We propose a radical shift in how fundamental physical constants (e.g., the fine-structure constant α, elementary charge e, Planck constant h) are defined and distributed. Instead of enforcing a single, centralized value (e.g., CODATA’s periodic updates), we advocate for a versioned, Git-like repository of constants, where:

- Every measured value is preserved (including historical data).

- Users select which "branch" or "tag" to use (e.g., 2023/g-2 vs. 2018/CODATA).

- Derived constants auto-update when switching versions.

This system enables reproducible science, transparent uncertainty tracking, and user-defined precision standards.

---

## 1. The Problem with Current Metrology

### 1.1 Static Constants Are Obsolete

- CODATA updates constants every ~4 years, discarding older measurements.

- Forces global redefinition (e.g., 2019 SI overhaul).

- No way to compare competing experimental methods.

### 1.2 One-Size-Fits-All Doesn’t Work

- A quantum physicist may need 12-digit α from g-2 experiments.

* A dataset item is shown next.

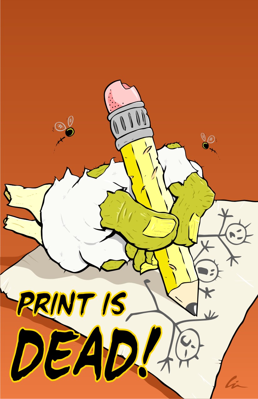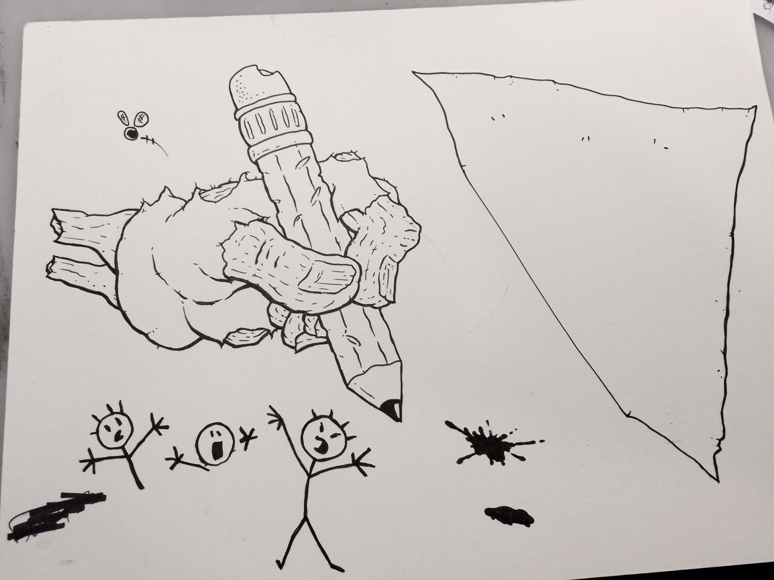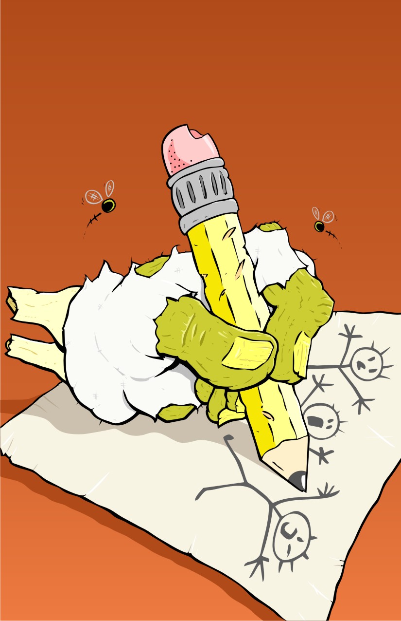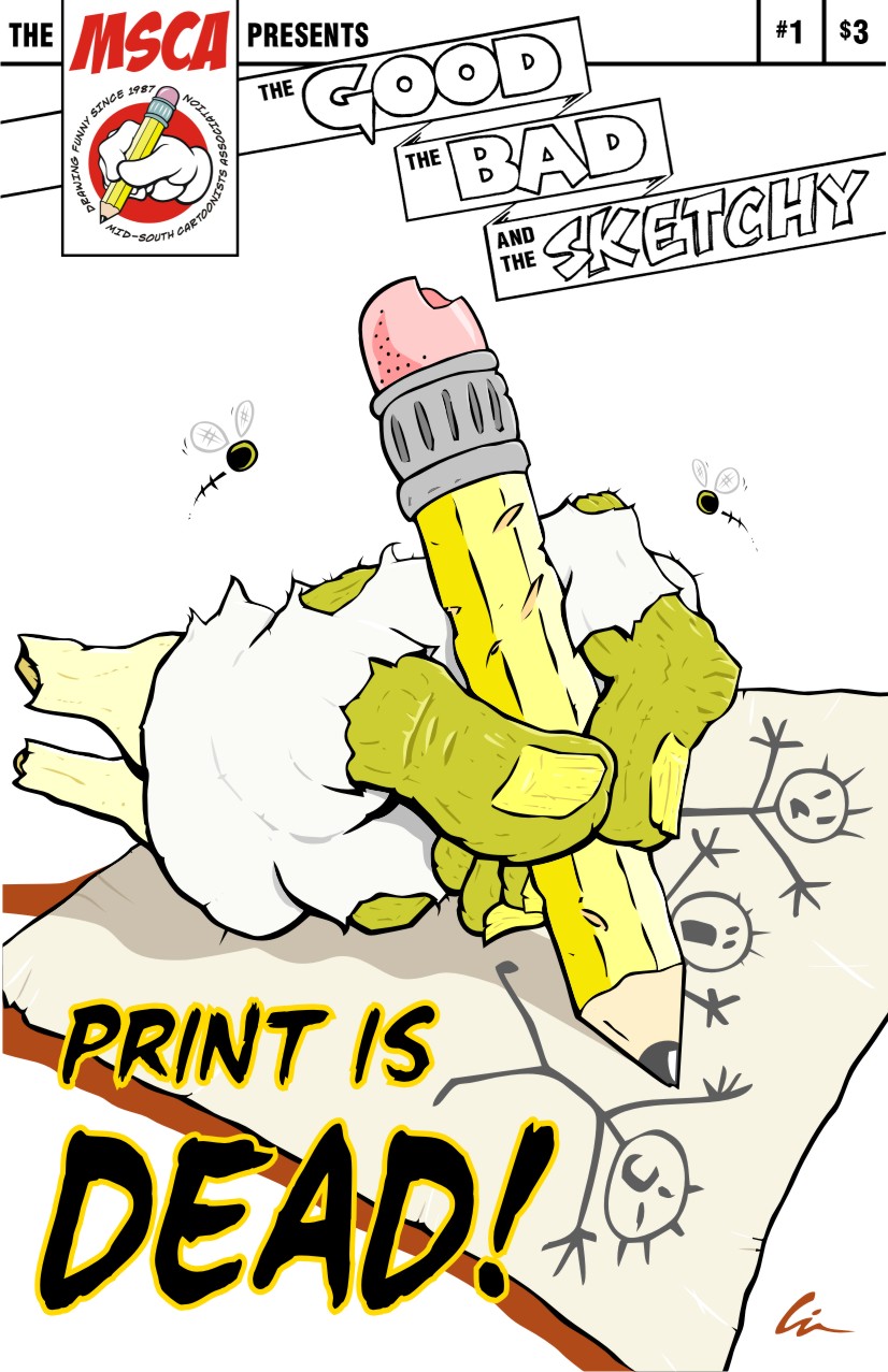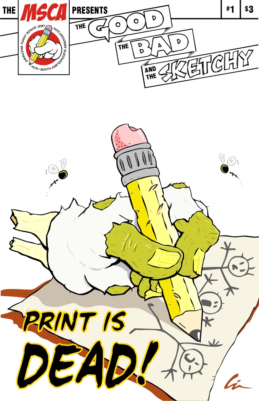 I had an idea for a take off on our MSCA hand/pencil logo and volunteered to do the cover art. I did a couple of rough thumbnail sketches of the zombie hand and sent them off to the guys to get their opinions on the layout.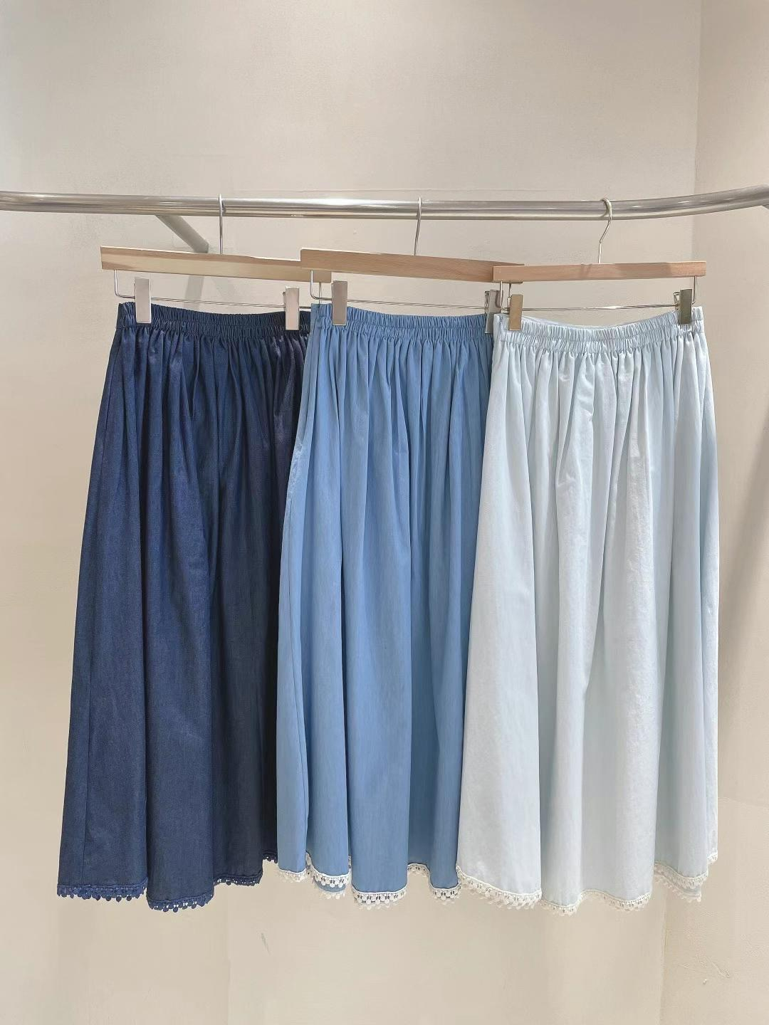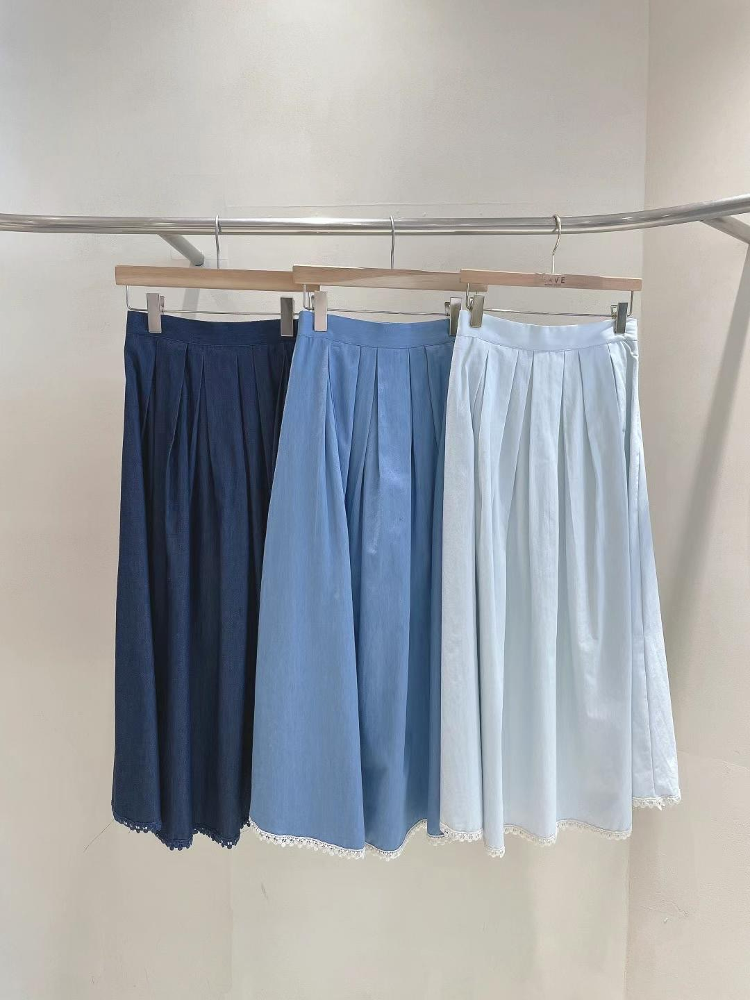 以「溫柔+俐落」為靈感設計,肩膀蕾絲拼接+刺繡英文字母點綴的休閒上衣,搭配高腰壓褶丹寧長裙,拉長比例又超顯瘦。裙擺微微傘狀剪裁,讓每一步都優雅飄逸!不論是通勤日常、下午茶約會,穿上它就是整個季節的氣質代表♡

- An engineer may prefer 6-digit α for circuit design.

- A historian may want Bohr’s 1913 value for replication.

### 1.3 Lost Knowledge

- Pre-2019 SI defined μ₀ ≡ 4π×10⁻⁷ (exact), but this hid α’s true precision.

- Older values (e.g., 1947 α) are not easily accessible.

---

## 2. The Versioned Constants System

### 2.1 Core Principles

**Git-Like Repository**

Every constant has:

- Branches (experimental methods: g-2, lattice-QCD, hydrogen-spectra).

- Tags (releases: CODATA-2018, SI-2019, BIPM-2023).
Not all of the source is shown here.